Interface for EmbeddingBagCollection.

abstract embedding_bag_configs() List[EmbeddingBagConfig]
abstract forward(features: KeyedJaggedTensor) KeyedTensor

Defines the computation performed at every call.

Should be overridden by all subclasses.

Note

Although the recipe for forward pass needs to be defined within this function, one should call the Module instance afterwards instead of this since the former takes care of running the registered hooks while the latter silently ignores them.

abstract is_weighted() bool
training: bool
class torchrec.modules.embedding_modules.EmbeddingCollection(tables: List[EmbeddingConfig], device: Optional[device] = None, need_indices: bool = False)

Bases: EmbeddingCollectionInterface

EmbeddingCollection represents a collection of non-pooled embeddings.
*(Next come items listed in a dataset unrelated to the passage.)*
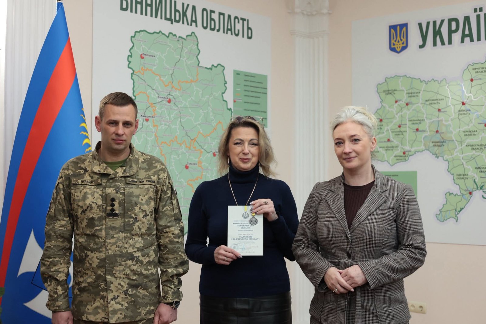 Почесним нагрудним знаком «За сприяння війську» нагороджено директорку департаменту охорони здоров’я та реабілітації Вінницької обласної військової адміністрації Ольгу Задорожну.
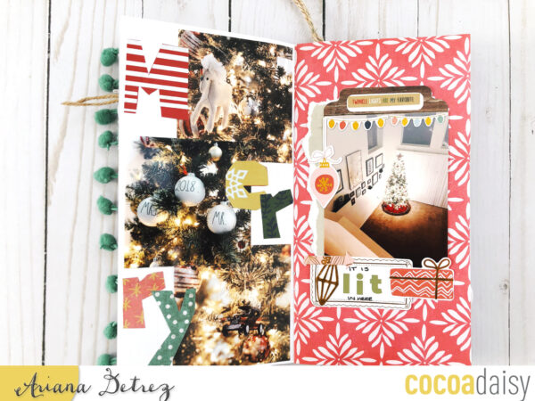 “It is LIT in here”: To document our very first Christmas tree I took a photo from the stairs to get this beautiful shot. I really wanted to capture the ambiance since this will probably be our only Christmas in this house (my husband is in the Air Force). I cut out the “MERRY” from the 12×12 paper. Then used bits and pieces from the main memory keeping kits and the Christmas bonus kit.
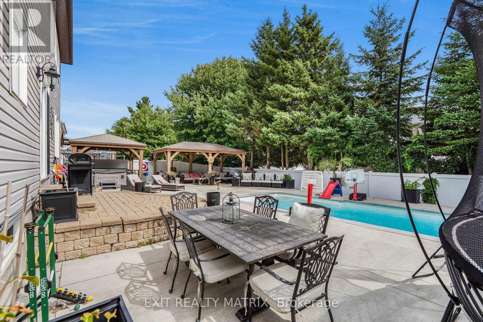 This stunning corner-lot dream home in Embrun is a perfect blend of timeless luxury and modern comfort, offering a lifestyle that feels like a private retreat. Step inside to discover a spacious main level designed with elegance and functionality in mind. The living room greets you upon entry and seamlessly flows into a formal dining area, creating the perfect atmosphere for both family gatherings and entertaining. At the heart of the home, the chefs kitchen boasts a sleek peninsula, abundant cabinetry, exquisite finishes, and a walk-in pantry. A bright breakfast area with patio doors opens to the backyard, while the expansive family room, enhanced by a cozy fireplace and oversized windows, provides an inviting space to relax. Completing the main floor is a versatile bedroom/office space and a stylish bathroom. Upstairs, five generous bedrooms and two bathrooms await, along with a conveniently located laundry room. The primary suite is a true sanctuary, offering a luxurious five-piece ensuite and a walk-in closet. The fully finished lower level expands the living space with a family room, a games room, and a bathroom, creating endless possibilities for entertainment and leisure. Outdoors, the property transforms into a private resort. The beautifully landscaped and fully fenced yard is anchored by a saltwater inground pool with a slide, a new heater, and a safety cover. An interlock patio and a charming gazebo complete this backyard oasis, making it the ultimate space for summer fun and relaxation. This home has been meticulously updated to ensure comfort and peace of mind. The property also features a new pool heater, a landscaped backyard, a new fence, updated eavestroughs, permanent LED holiday lighting, a new 200-amp panel with EV car charger, and upgraded overhead lighting in all bedrooms. With its spacious design, luxurious finishes, and resort-style outdoor living, this Embrun masterpiece is more than a home, it's a lifestyle.
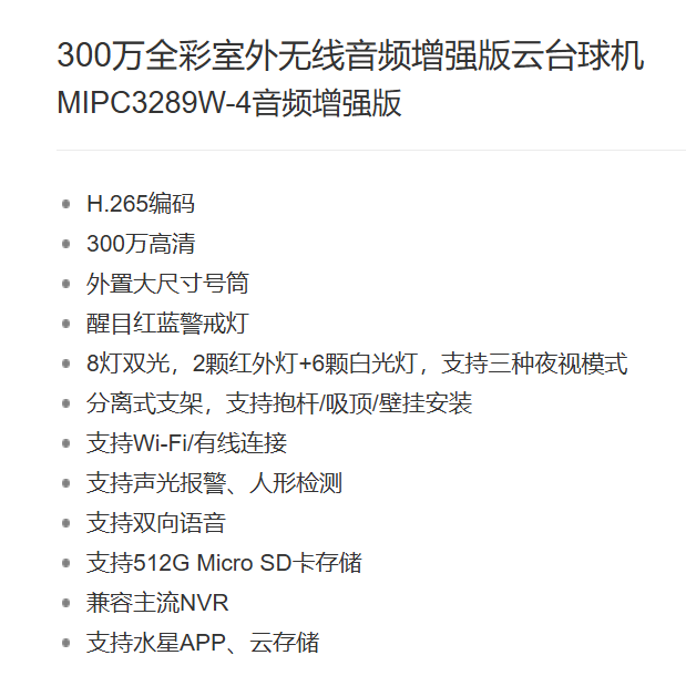 水星系列MIPC3289W-4音频增强版 300万全彩室外无线音频增强版云台球机 MIPC3289PW-4音频增强版 MIPC3289
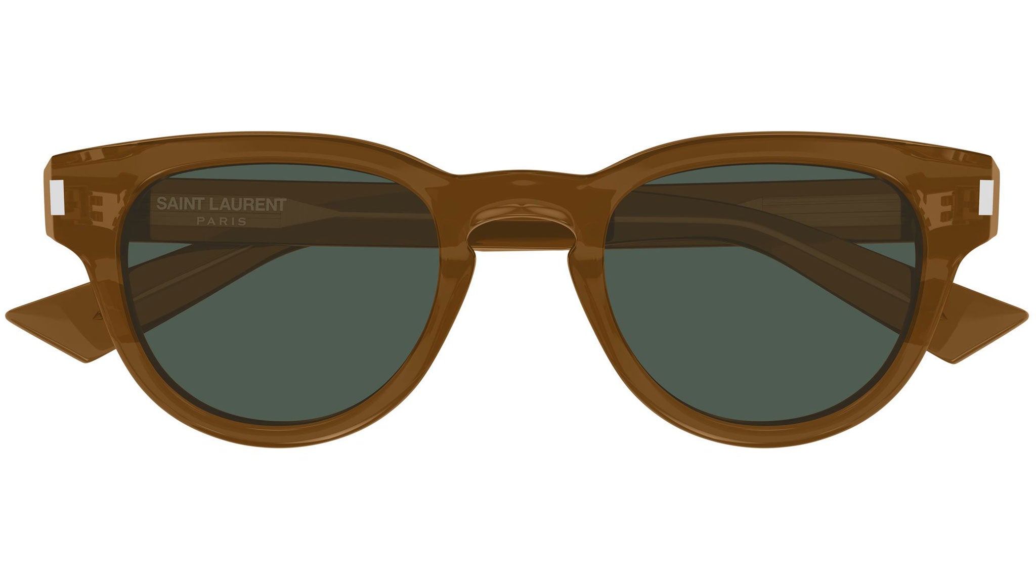 Occhiali da sole Saint Laurent SL 876 005 uomo con montatura ovale in acetato riciclato marrone cognac trasparente e lenti verde tinta unita. Linea: Corner Angle. Codice modello: SL 876. Codice colore: 005. Made in Italy. Rivenditore autorizzato Saint Laurent online. Gli occhiali vengono consegnati con custodia e accessori originali e sono coperti dalla garanzia ufficiale di 12 mesi del produttore.
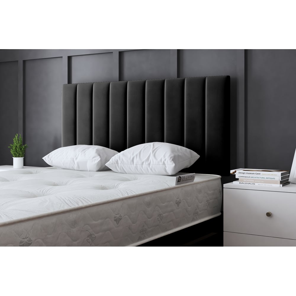 Sleep beautifully and wake up refreshed with the DS Living Amelia Double Black Upholstered Panel Divan Bed. The headboard, in a rich black colour, adds a touch of luxury with its deep-padded panels that beautifully reflect natural light. Built with durability in mind, this bed comes with a 24-inch headboard. This headboard is securely fitted to the base with sturdy wooden struts for extra support. Crafted from a solid hardwood mix, this bed is made to last, giving you a blend of quality and timeless style. Please note that the mattress is sold separately. This bed is handcrafted, so slight variations in dimensions may occur. It is recommended that you check the stairs and room space before making a purchase. Size: 150 x 210cm.

It processes sparse data in the form of KeyedJaggedTensor of the form [F X B X L] where:

  • F: features (keys)

  • B: batch size

  • L: length of sparse features (variable)
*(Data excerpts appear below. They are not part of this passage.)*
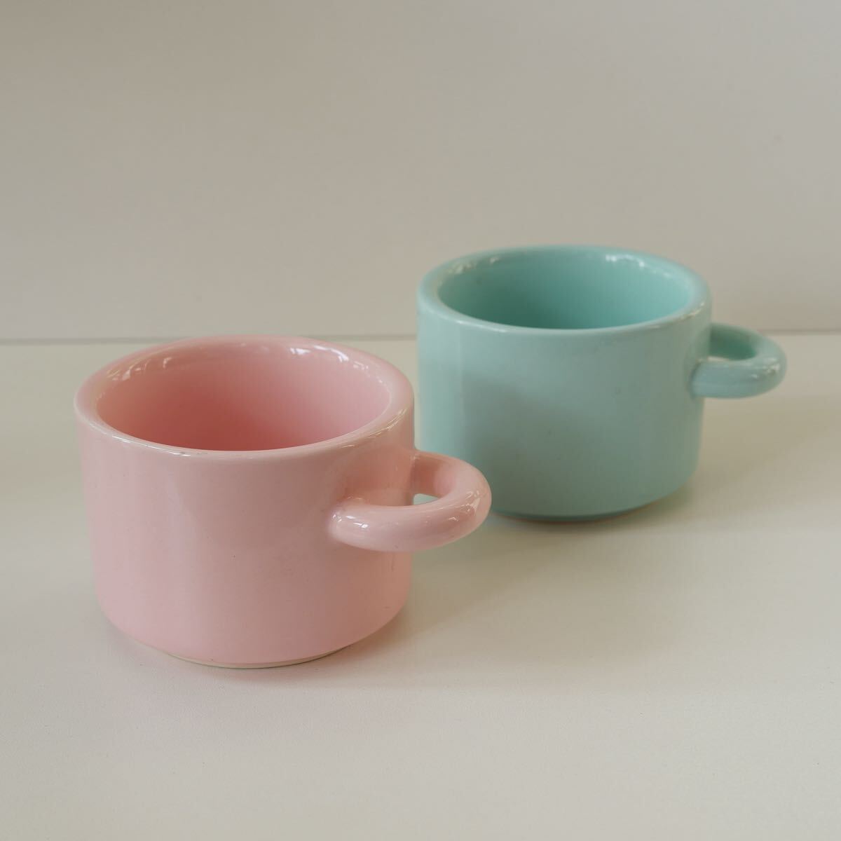 - 80s 資生堂 パステルカラー ペアカップ 昭和レトロポップビンテージ ノベルティ企業モノ販促品
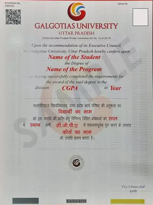 UGC-approved, NAAC-accredited, and recognised for its academic excellence, Galgotias University degrees are respected in academia and industry alike.
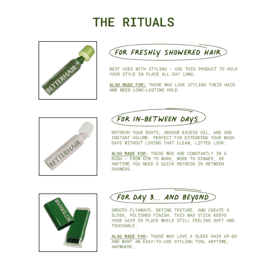 BETTERHAIR Starter Kit - Hairspray 80ml, Dry Shampoo 80ml, Hair Wax 8g
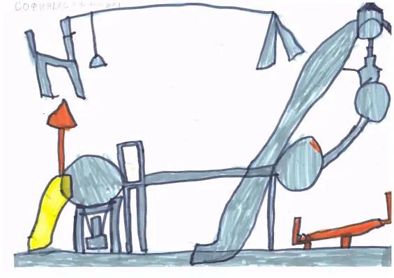 На изображении представлена детская площадка, на которой София очень любит проводить свое свободное время: лазить, играть с друзьями, бегать и прыгать.
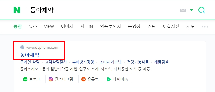1. 동아제약을 검색하여 홈페이지로 접속합니다.
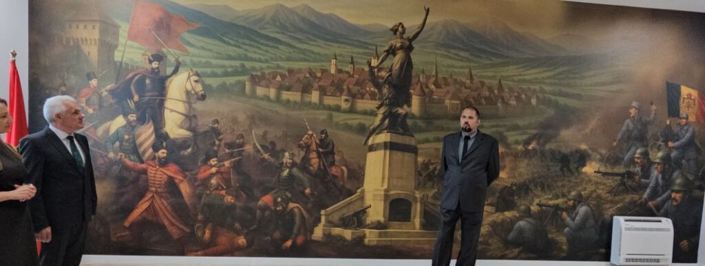 Etkinlik, tarihçi Adrian Șchianu’nun, odanın dekoru ve 1599’da “Cesur Mihail” olarak bilinen Mihail Viteazu tarafından kazanılan Șelimbăr Muharebesi’ni tasvir eden duvar kâğıdı hakkında yaptığı bir sunumla başladı. Bu an, Transilvanya’nın Eflak ile ilk birleşmesini simgeliyor ve görüntü, kentin tarihi geçmişine bir övgü niteliği taşıyor.
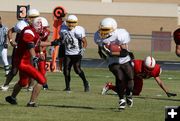 Rocky Mountain Grizzlies player Carlos Hernandez carries the ball through the Big Piney Punchers.
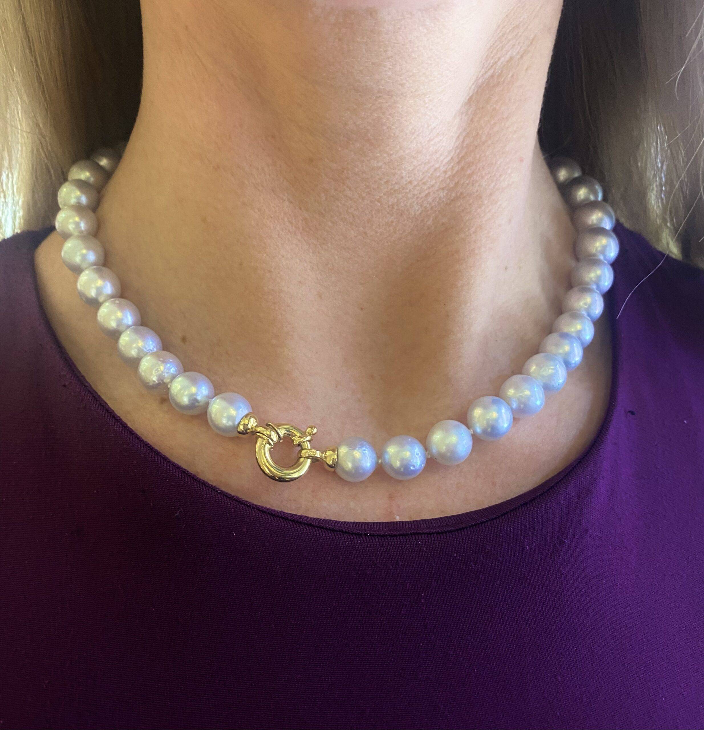 Zuidzee- Parel snoer met een prachtige grijze luster.
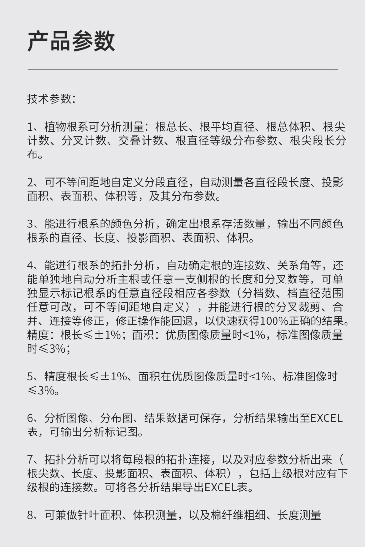 1、 圖像撲捉系統(tǒng):經(jīng)過廠家調(diào)試的標(biāo)準(zhǔn)根系掃描設(shè)備,匹配專門的光源、具有持續(xù)校正特點(diǎn)、根系固定裝置等
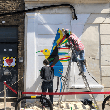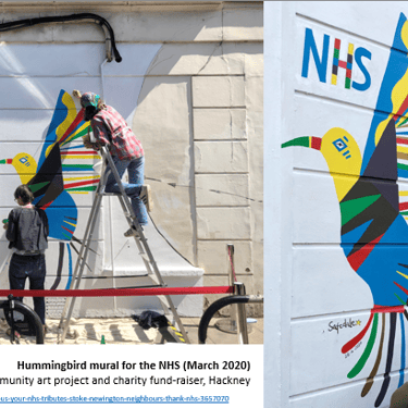 During the first Lockdown, I assisted in the painting of a rainbow hummingbird mural, designed by artist Cathryn Marshal, on the wall of our local pharmacy. Hummingbirds are seen as healers and bringers of love in some cultures. It was created as a positive message and a permanent thankyou to all NHS and social care workers helping care for us during the most challenging of times. The mural became a focal point for the neighbourhood to clap and honour the NHS workers and social carers looking after us. Our community art project made the Hackney Gazette and Financial Times and raised £1,135 for charities Hackney Foodbank, NIA Project and OCD Action.

and outputs Dict[feature (key), JaggedTensor]. Each JaggedTensor contains values of the form (B * L) X D where:

  • B: batch size

  • L: length of sparse features (jagged)
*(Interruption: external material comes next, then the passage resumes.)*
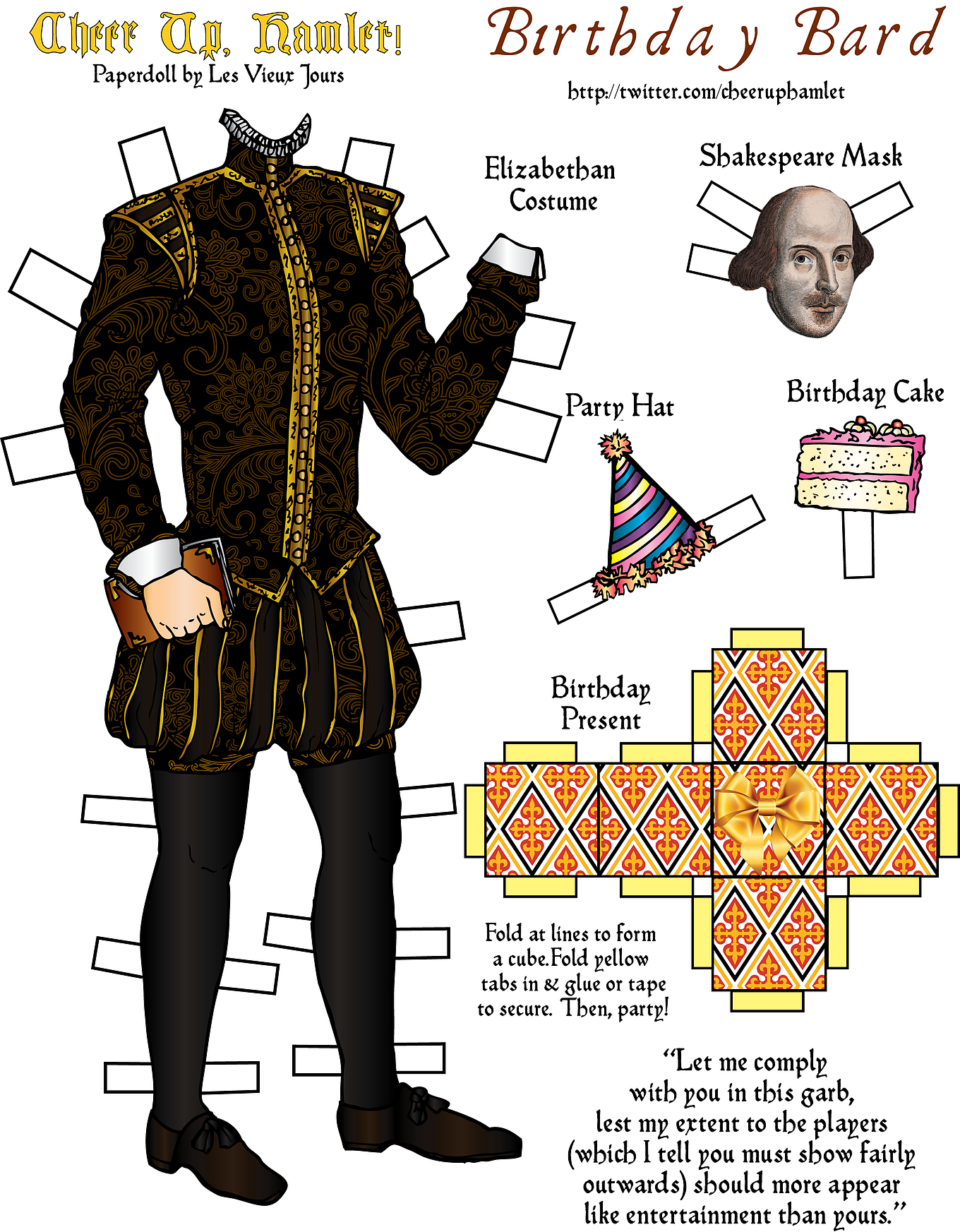 Print, color and cut out this Shakespeare birthday paper doll and his fun party accessories. Grab a cupcake and celebrate with the Bard!

  • D: each feature’s (key’s) embedding dimension and lengths are of the form L

Parameters:
  • tables (List[EmbeddingConfig]) – list of embedding tables.

  • device (Optional[torch.device]) – default compute device.

  • need_indices (bool) – if we need to pass indices to the final lookup dict.

Example:

e1_config = EmbeddingConfig(
    name="t1", embedding_dim=3, num_embeddings=10, feature_names=["f1"]
)
e2_config = EmbeddingConfig(
    name="t2", embedding_dim=3, num_embeddings=10, feature_names=["f2"]
)

ec = EmbeddingCollection(tables=[e1_config, e2_config])

#     0       1        2  <-- batch
# 0   [0,1] None    [2]
# 1   [3]    [4]    [5,6,7]
# ^
# feature

features = KeyedJaggedTensor.from_offsets_sync(
    keys=["f1", "f2"],
    values=torch.tensor([0, 1, 2, 3, 4, 5, 6, 7]),
    offsets=torch.tensor([0, 2, 2, 3, 4, 5, 8]),
)
feature_embeddings = ec(features)
print(feature_embeddings['f2'].values())
tensor([[-0.2050,  0.5478,  0.6054],
[ 0.7352,  0.3210, -3.0399],
[ 0.1279, -0.1756, -0.4130],
[ 0.7519, -0.4341, -0.0499],
[ 0.9329, -1.0697, -0.8095]], grad_fn=<EmbeddingBackward>)
embedding_configs() List[EmbeddingConfig]
embedding_dim() int
embedding_names_by_table() List[List[str]]
forward(features: KeyedJaggedTensor) Dict[str, JaggedTensor]
Parameters:

features (KeyedJaggedTensor) – KJT of form [F X B X L].

Returns:

Dict[str, JaggedTensor]

need_indices() bool
training: bool
class torchrec.modules.embedding_modules.EmbeddingCollectionInterface

Bases: ABC, Module

Interface for EmbeddingCollection.

abstract embedding_configs() List[EmbeddingConfig]
abstract embedding_dim() int
abstract embedding_names_by_table() List[List[str]]
abstract forward(features: KeyedJaggedTensor) Dict[str, JaggedTensor]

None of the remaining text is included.